While the first half of the book deals primarily with the installation and configuration of the RPi parallel cluster, the second half of the book deals with the application and development of distributed applications that will run on the RPi cluster. The author starts with a discussion of the technology known as Apache Hadoop, which is an open source project for developing distributed applications and is hosted by the Apache Software Foundation. The reader is then taken through the process of downloading and installing Java and the Java Development Kit, and downloading, installing, configuring, and testing the Hadoop server. Once again, there is a detailed and relatively easy to understand presentation of each step involved in the process. The author then turns to the setup of the second RPi, which is very similar to the setup for the first RPi. The second RPi setup tends to go faster as there is some duplication of configuration files.

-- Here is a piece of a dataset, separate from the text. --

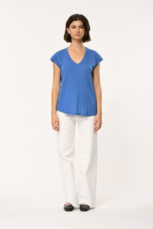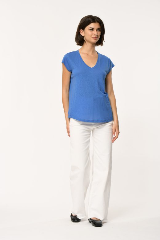 Straight cut t-shirt, V-neck, short, drooping sleeves.

The remaining chapters of the book are devoted to a presentation of some specific applications that can be run on the RPi cluster. There is a nice discussion of using the MapReduce programming approach on the RPi cluster. MapReduce is a programming approach that allows systems to process large datasets in parallel. The author takes the reader through an overview of the WordCount MapReduce program and a step by step testing of this program on the RPi cluster. There is also a chapter devoted to Monte Carlo simulators, which use large data sets and randomized sampling repeatedly in order to obtain a result for a particular mathematical question. The reader is walked through an example of using this technique on the RPi cluster to calculate Pi. The last chapter of the book explores other topics relating the the RPi cluster such as adding external USB disk drive for greater storage capacity and installing and experimenting with the FORTAN programming language on the cluster.

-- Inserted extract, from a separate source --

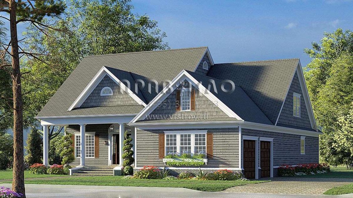 Проект одноэтажного дома с гаражом на две машины в стиле Ранчо S5-252 (8318-00197)

I found this book to be interesting, informative and challenging. It stimulated my interest in furthering my knowledge of cluster computing and the potential of the Raspberry Pi computer in that endeavor. I am a big fan of open source projects and I currently own two RPi’s. One is being used as a dedicated web server that hosts my WordPress Raspberry Pi and R statistics web site. The other is for experimental purposes. After reviewing this book I am planning to add a third (or fourth) RPi to my collection so that I can experiment with parallel computing. I recommend this book to computer users at all levels. It will help you in reading the book if you have some experience with computer hardware, operating systems, and programming languages, but for those less knowledgeable readers the author provides abundant links to additional information, source code and other sources that make this a good read for those with less hands on experience.

————————————————————

Author Information: Douglas M. Wiig

I am a Professor of Political Science at Grand View University in Des Moines, Iowa, USA. My teaching areas of expertise include social science statistics, social science research methods, comparative and international politics. I am also interested in developing methods to integrate technology into the university curriculum. I have used computers, and various programming languages in the classroom, in academic research and writing an in personal projects since the days when data and programming instructions where entered into mainframe behemoths on punched cards and personal computing platforms were still a dream. I am a big fan of open source projects and contribute whatever I can to the continuing growth and success of the community.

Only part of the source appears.